Scheyer refused to blame a post-UNC victory letdown for the loss to Miami. “They had to play on Saturday, too. There’s no excuses. That’s part of playing big-time college basketball.”

The Hurricanes and Blue Devils did not have to do much scouting before Monday’s game because they were quite familiar with each other, having just played Jan. 21 in Durham.

Unlike Monday’s game, the one at Cameron went down to the final possession before Duke sealed the 68-66 win. Wong was slowed by a sinus infection that night and finished with just seven points.

Omier was held to nine points in their first meeting but had 14 rebounds. Filipowski had 17 points and 14 rebounds that night while Lively had 10 rebounds and five blocks.

Lively had made a big impact of late with 20 blocks in the previous five games. Against UNC he had 14 rebounds and eight blocks.

Rebounding has been a critical factor for the relatively undersized Hurricanes all season. Their 38-28 advantage at Clemson came as a surprise to Larranaga.

“I’m so impressed with that because you see our size, we’re not very tall,” Larranaga said after the Clemson win. “We’re 6-7, 6-6, 6-4, 6-3 and 6-foot, and only one guy weighs over 200 pounds. We’re short and skinny but lethal.

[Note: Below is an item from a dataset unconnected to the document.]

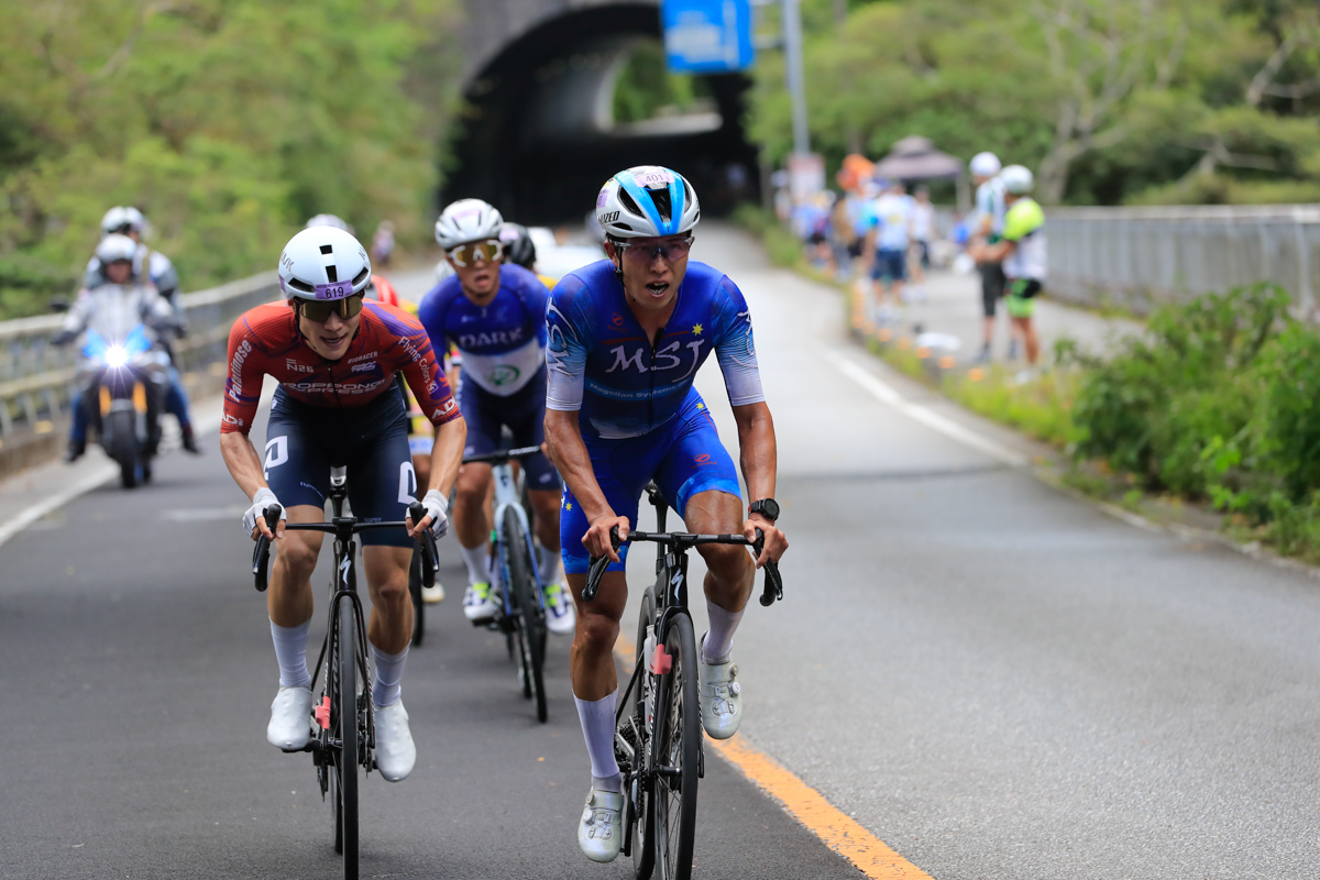 慶佐次の補給ポイントでペースを上げる井上亮(Magellan Systems Japan)、追走する大前翔 photo:Makoto AYANO

“We have the ability with our speed and athleticism to score. And when the defense is good and our rebounding is good we’re a good team.”

They were a good team on Monday, and Duke paid the price.

The Hurricanes improved to 8-9 against Duke under Larranaga after going 2-15 against the Blue Devils prior to his arrival.

Miami is back home Feb. 11 against Louisville.